### Exercise description
Quote, word for word, only the lines running from the line with "종합숙박 O2O(온·오프라인 연계)" through the end of the listing. Leave out the pictures.

### Data section

::::::::::

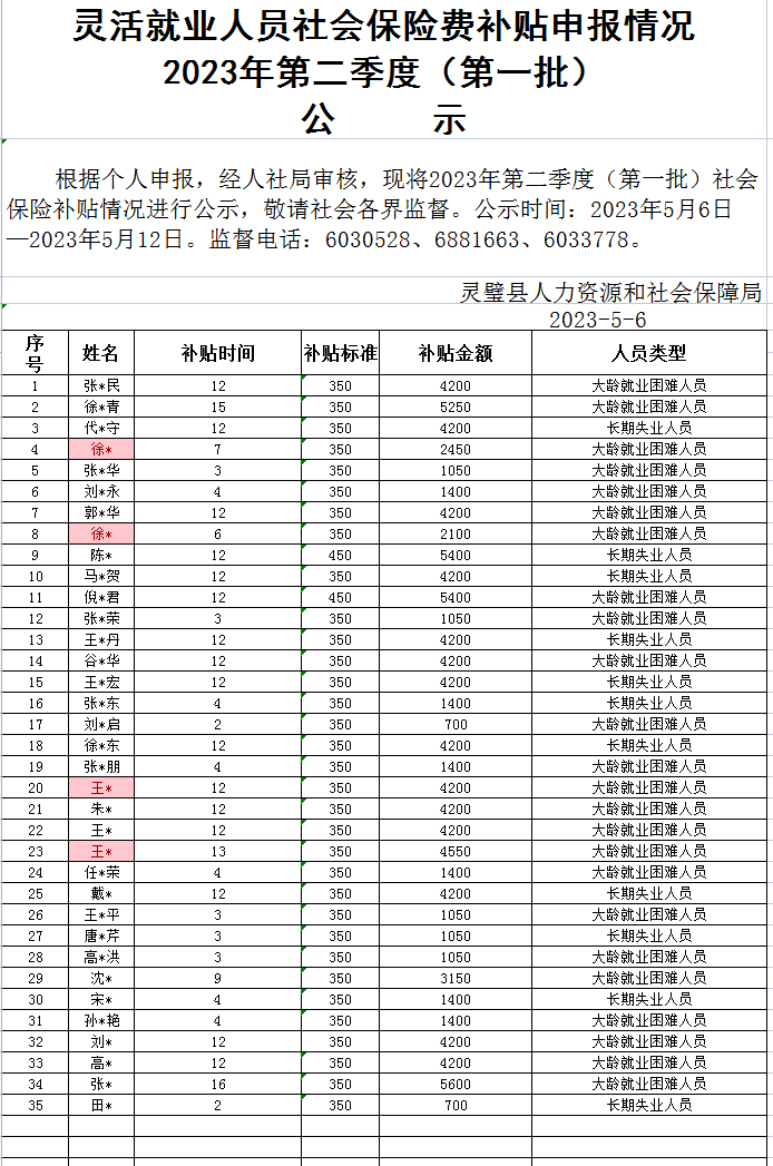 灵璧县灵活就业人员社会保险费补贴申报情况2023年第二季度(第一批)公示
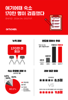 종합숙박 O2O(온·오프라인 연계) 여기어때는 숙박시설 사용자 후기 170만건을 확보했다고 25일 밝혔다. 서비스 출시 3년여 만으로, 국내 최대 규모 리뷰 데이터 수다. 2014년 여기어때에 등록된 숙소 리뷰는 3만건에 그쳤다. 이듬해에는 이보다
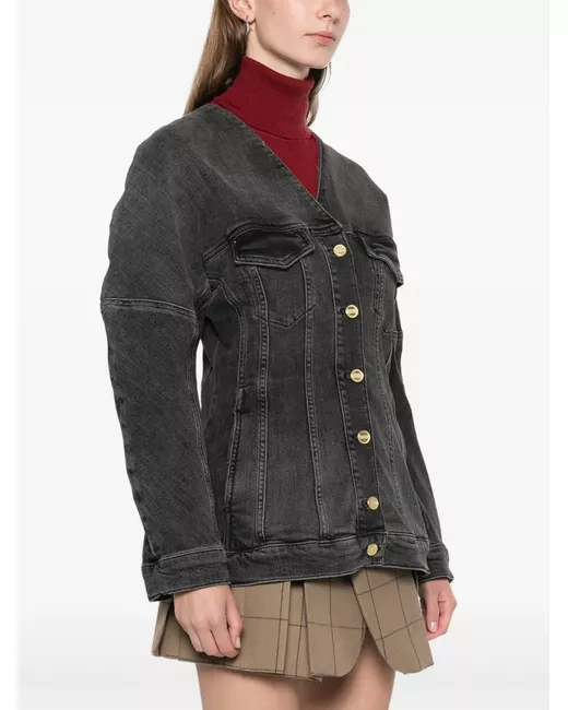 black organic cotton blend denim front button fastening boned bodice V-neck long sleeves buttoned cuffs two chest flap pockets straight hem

::::::::::

### Answer to this exercise
 종합숙박 O2O(온·오프라인 연계) 여기어때는 숙박시설 사용자 후기 170만건을 확보했다고 25일 밝혔다. 서비스 출시 3년여 만으로, 국내 최대 규모 리뷰 데이터 수다. 2014년 여기어때에 등록된 숙소 리뷰는 3만건에 그쳤다. 이듬해에는 이보다
 black organic cotton blend denim front button fastening boned bodice V-neck long sleeves buttoned cuffs two chest flap pockets straight hem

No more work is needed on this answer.